Top End Children Shine at Inaugural Camp

04/09/19
The RIDBC Top End Camp was made possible by the generous and continued support from Hyundai Help for Kids. The RIDBC Top End Camp was made possible by the generous and continued support from Hyundai Help for Kids.

In mid-August, school-aged children from across the Northern Territory, who are deaf or hard of hearing, came together in Darwin for a unique Top End camp experience, the first-ever hosted in the region.

The two-day event blended educational experiences with a range of fun and social activities, providing opportunities for the children to practice their communication and social skills, and build relationships. The camp was attended by children who use spoken language and/or Auslan to communicate.

Healthy Harold visit Healthy Harold meet the children

Liz Fisher, RIDBC Teacher of the Deaf in Darwin, says "It was a great opportunity to bring the children together to build friendships, communicate and play. We had an Auslan interpreter on-site for the two days and used a range of assistive technologies for those with listening devices, be that hearing aids or cochlear implants".

"The youngest child was five and the oldest thirteen, so there was quite an age range, but we structured it so that it worked for everyone. We saw the oldest child step up into an informal mentoring role, which was fantastic for him and the group", Liz continues.

The camp opened with a visit to the Territory Wildlife Park, where the children witnessed a spectacular bird show and participated in an exclusive reptile experience. In the evening, a pizza dinner and sleepover gave families and children a sometimes-rare opportunity to connect with others who have similar experiences.
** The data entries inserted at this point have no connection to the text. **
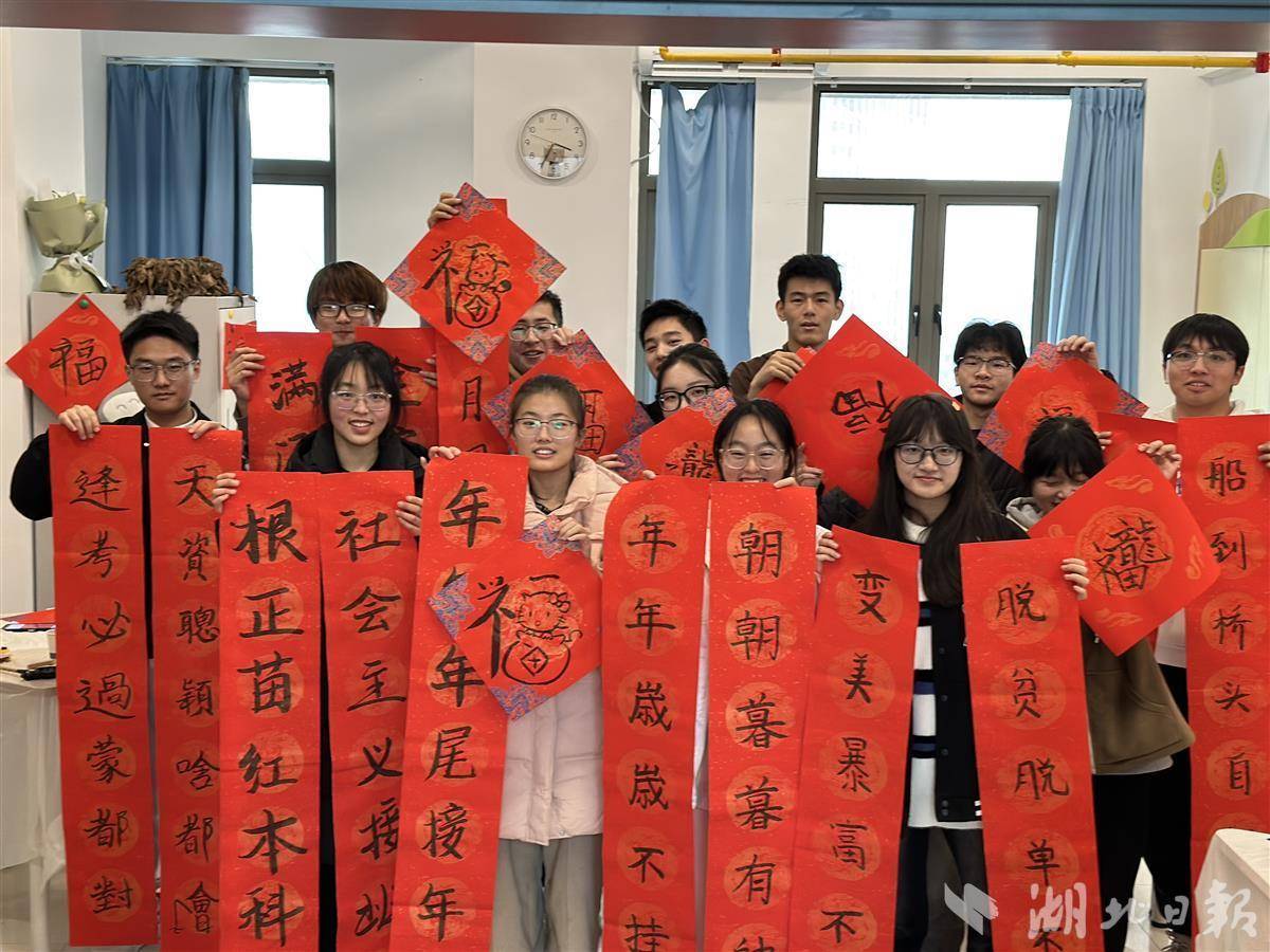 为继承和弘扬中华优秀传统文化,营造欢乐祥和的新春氛围,近日,武汉工程大学化工与制药学院在学校“一站式”学生社区、森林小镇社区开展“笔酣墨饱庆佳节‘宿’写春联送万福”活动。
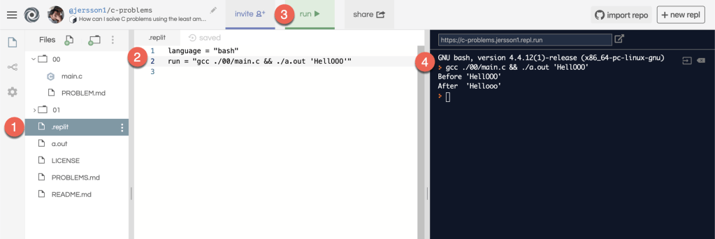 Ahora, si quieren ver cómo funciona el código y no quieren clonarlo, aquí un espacio para jugar usando el navegador https://repl.it/@jersson1/c-problems. De ser así, tengan especial atención en el archivo .replit
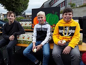 „Marthas Mobile Mosterei“ lief am vergangenen Mittwoch ab 9:30 Uhr nicht nur zur Freude der Holderbergschüler, sondern auch zum Staunen einiger Grundschüler und Kindergartenkinder, die eigens für dieses Spektakel vorbeigekommen waren. Mit großen Augen verfolgten sie, wie die Holderbergschüler die Äpfel auf das Förderband schütteten, den Waschvorgang des Obstes kontrollierten und den Trester auf einen, von der Familie Reeh aus Wissenbach extra hierfür bereitgestellten Anhänger, verteilten. Wenn dann der vorgefilterte, naturtrübe und auf 80 Grad erhitzte Saft in Beutel abgefüllt worden war, füllten die Erntehelfer diese nur noch in Kartons und stapelten diese auf Tischen und Bänken.
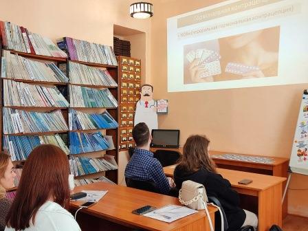 Сотрудники библиотеки подобрали для наших гостей литературу по планированию семьи, репродуктивному здоровью, показали видеоролик «Учимся планировать».

Wildlife park photo 1 Wildlife park photo 2

"The families quickly began to develop friendships by sharing stories, recommendations and problem-solving for those everyday things; for example, which bike helmet is best for a child with cochlear implants", explains Liz.

On day two, after a visit from Healthy Harold, the children were thrilled to take part in AFL and soccer clinics, run by Deaf Sports Australia. "The children had such a great time playing in teams and building connections with each other” enthuses Liz. The coach, who is hard of hearing, engaged the participants and gave instructions using a blend of assistive technologies, visual cues and Auslan. “It was just really fun," she says.

Deaf Sports Australia visit photo 1 Deaf Sports Australia visit photo 2Deaf Sports Australia visit photo 3

And although on the surface it appeared entirely of 'fun and games', the camp plays an important role to support language development, helping the children progress toward their individual goals.

Liz agrees, "The social aspect is fantastic, and it was great to see the kids playing together but it's also about developing language, communication and learning."

The learning extends to the parents and caregivers too, who are invited to take part in a range of workshops designed to provide strategies to support their child's education and well-being. The following workshops were facilitated:

  • Assistive technologies by RIDBC Audiologist Kerry Bell and Speech Pathologist Jackie Stirling, in conjunction with Hearing Australia
  • Social and emotional development by RIDBC Psychologist Paul Kallaras
  • The importance of advocacy, that is, providing parents with practical tools to support their child's education by Liz and RIDBC Speech Pathologist Christina Talbot

"Every child at the camp attends a mainstream school, and potentially their current and future teachers may not have direct experience with children who are deaf or hard of hearing, so it is important that parents and caregivers can explain and advocate for their child’s needs," Liz explains.

"By giving parents the language and practical tools to talk about their child and their educational needs, we hope to give them the confidence to speak up, ensuring their child has fair and equal access to the school curriculum."

 

According to Liz, the camp changes the way both parents and children view the therapy experience. "After a social event like this one, we definitely have a different level of rapport with their families and the children. We've built a social connection and it changes how they see us, deepening the relationship, and enabling us to work even more closely with the family to achieve the best outcomes for their child."

The RIDBC Top End Camp was made possible by the generous and continued support from Hyundai Help for Kids. Without such support this opportunity would not be possible for the RIDBC families. We offer our thanks and appreciation.